A reader pointed out that I didn’t write a “best of 2016” post, which is correct, but “best of” strikes me wrong, so I’m going to write about good books that I happened to read in 2016 and that you should read too.
* The Undoing Project: A Friendship That Changed Our Minds by Michael Lewis, probably the best book I read all year, except maybe for Blindsight, but that is so different that the two aren’t really comparable.
* Perfect Rigor: A Genius and the Mathematical Breakthrough of the Century by Masha Gessen, another narrative nonfiction book, though this one emerged and escaped my notice in 2009.
* The Map and the Territory by Houellebecq, still weird and likely always weird; Houellebecq has his misses, especially The Possibility of an Island, but his hits are strong, weird, and different—with “different” too often meaning “bad,” but not in his case.
* Cryptonomicon by Neal Stephenson, one of those amazing books worth re-reading whenever you can’t find a new book to read.

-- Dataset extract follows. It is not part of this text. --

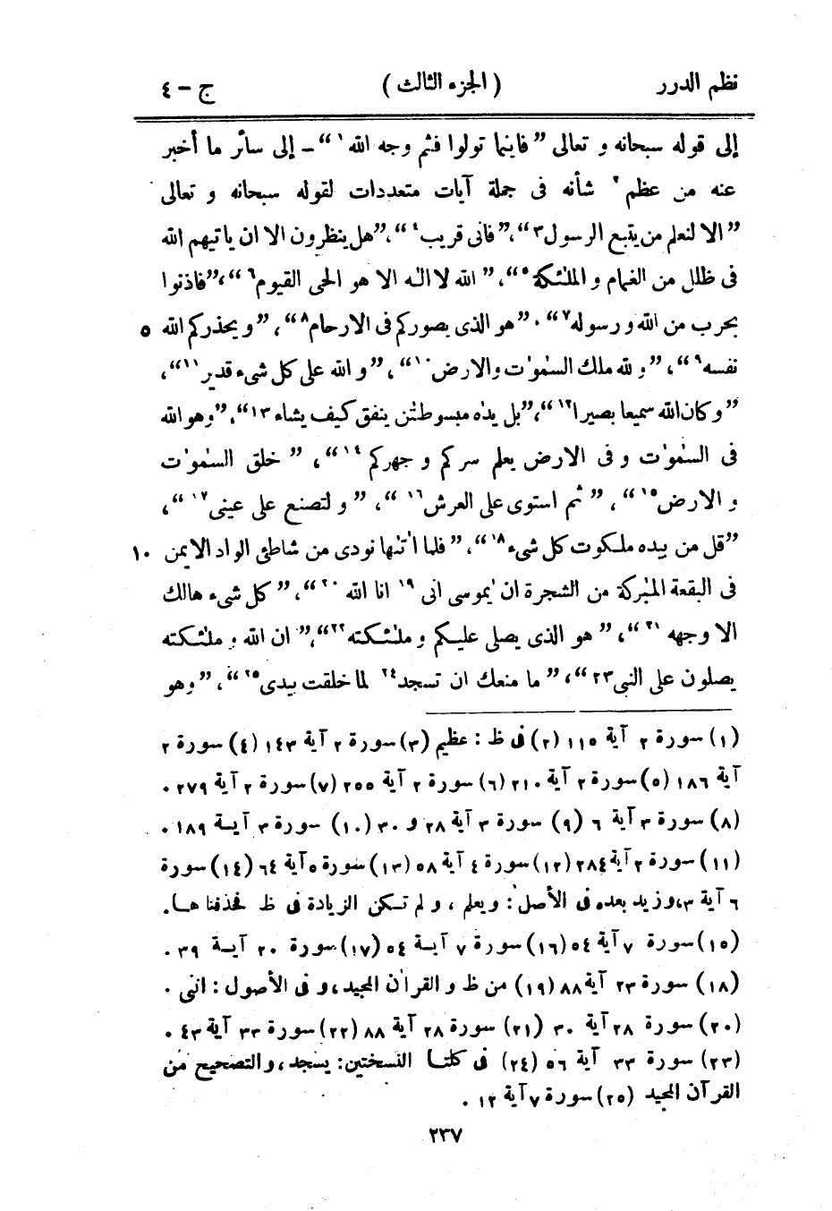 إلى قوله سبحانه وتعالى {فأينما تولوا فثم وجه الله} [لبقرة: 115] إلى سائر ما أخبر عنه من عظم شأنه في جملة آيات متعددات لقوله سبحانه وتعالى {إلا لنعلم من يتبع الرسول} [البقرة: 143] ، {فإني قريب} [البقرة: 186] {هل ينظرون إلا أن يأتيهم الله في ظل من الغمام والملائكة} [البقرة: 210] ، {الله لا إله إلا هو الحي القيوم} [البقرة: 255] {فأذنوا بحرب من الله ورسوله} [البقرة: 279] ، {هو الذي يصوركم في الأرحام} [آل عمران: 6] ، {ويحذركم الله نفسه} [آل عمران: 128] ، {ولله ملك السماوات والأرض} [آل عمران: 189] ، {والله على كل شيء قدير} [البقرة: 284] ، {وكان الله سميعاً بصيراً} [النساء: 85] ، {بل يداه مبسوطتان ينفق كيف يشاء} [المائده: 64] ، {وهو الله في السماوات وفي الأرض يعلم سركم وجهركم} [الأنعام: 3] ، {خلق السماوات والأرض} [الأعراف: 54] ، {ثم استوى على العرش} [الأعراف: 54] ، {ولتصنع على عيني} [طه: 39] ، {قل من بيده ملكوت كل شيء} [المؤمنون: 88] ، {فلما أتاها نودي من شاطئ الواد الأيمن في البقعة المباركة من الشجرة أن يا موسى إني أنا الله} [القصص: 30] ، {كل شيء هالك إلا وجهه} [القصص: 88] ، {هو الذي يصلي عليكم وملائكته} [الأحزاب: 43] ، {إن الله وملائكته يصلون علىلنبي} [الأحزاب: 56] ، {ما منعك أن تسجد لما خلقت بيدي} [الأعراف: 12] ، {وهو
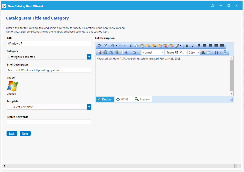 • Title—The text entered in the Title field along with the catalog item icon, will be displayed when viewing this catalog item on the Browse Catalog tab.

* The Song Machine: Inside the Hit Factory by John Seabrook, which is novelistic in detail and beautifully reported. I didn’t fully know where the music everyone listens to comes from and now I do.
I’ve been having trouble finding really good novels, though my tastes are idiosyncratic and I don’t have rules for what makes a good novel besides the tautological, “Be really good.” If you have suggestions drop me a line.
The most-visited post I wrote last year is “The race to the bottom of victimhood and ‘social justice’ culture.”